Читать книгу Россия молодая - Юрий Герман - Страница 56
Часть первая
В Архангельск!
Глава восьмая
2. Вечера не хватило – от ночи откроили!
ОглавлениеУ Фан дер Гульста, царского лекаря, Тимофей Кочнев, корабельных дел мастер, лечиться отказался наотрез. Иван Кононович с ним согласился.
– Беспременно отравит! – сказал старик. – Знаю я их, немчинов. Быть по-иному: заберу я тебя, друг ты мой бесценный, к себе в Лодьму, и отживешь ты у меня на молочке, да на соленом морском ветерке, да на шанежках домашних, да на пирогах рыбных… Ладно ли?
– Езжай, Тимоха! – посоветовал Рябов. – Иван Кононович плохого не присоветует…
Тимофей молчал, смотрел в потолок, строго и медленно поводил мохнатыми бровями.
– Твоего-то когда на воду спускают? – спросил он наконец.

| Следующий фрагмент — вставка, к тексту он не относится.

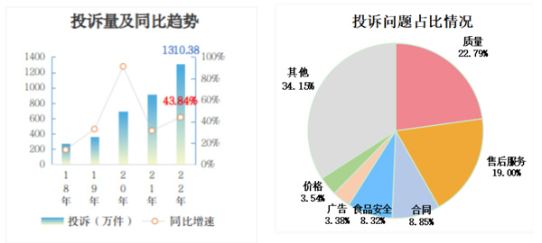 2022年,全國市場監(jiān)管部門受理消費(fèi)者投訴1310.38萬件,同比增長43.84%,增速較2021年有所放大。從投訴問題看,質(zhì)量298.70萬件、售后服務(wù)248.96萬件、合同115.91萬件、食品安全109.06萬件,合計(jì)占投訴的58.96%。其中,售后服務(wù)問題增長最快,群眾反映最強(qiáng)烈,同比增長57.67%。
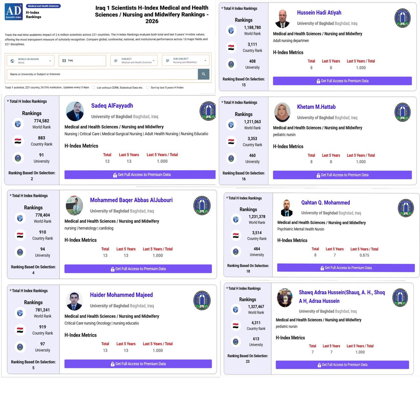 حققت كلية التمريض في جامعة بغداد إنجازًا علميًا جديدًا بتصدّر عدد من تدريسيها قائمة أفضل الباحثين في العراق في تخصص التمريض والقبالة، ضمن تصنيف مؤشر AD العلمي العالمي (AD Scientific Index) لعام 2026.

Старик догадался, о чем идет речь.
– Поутру.
Опять надолго замолчали. Таисья принесла парного молока, налила глиняную кружку, с поклоном, с искристой улыбкой в глазах поднесла больному, лежащему на лавке под окошком. У Тимофея дрогнули губы под жидкими усами, он тоже заулыбался – нельзя было не радоваться, глядя на Таисью в расцвете ее счастья. Хоть и не хотелось – пригубил молока.
– Еще бы глоточек!
Тимофей еще пригубил. Искры в глазах Таисьи заблестели ярче, Рябов догадался: «Загадала, дурная моя: ежели допьет, значит, жить ему и еще корабли строить». Взглянул с вопросом. Она медленно опустила очи долу – так и есть, загадала. Кормщик шумно выдохнул: узнавать, о чем думает Таисья, было ему не простым делом, иногда десять потов сольет, покуда разберется в бабьих думах.
Корабельных дел мастер маленькими глотками допивал молоко, Таисья победно улыбалась, улыбался и Иван Кононович, качал старой среброкудрой головой: охо-хо, молодость – молчат, а беседуют. И как не надоест! Все то же небось: «лада моя», «люба моя», «чаечка моя», «соколик мой!»… То ж, что он своей Марье Федоровне говорил там, в Лодьме, под шум морской волны…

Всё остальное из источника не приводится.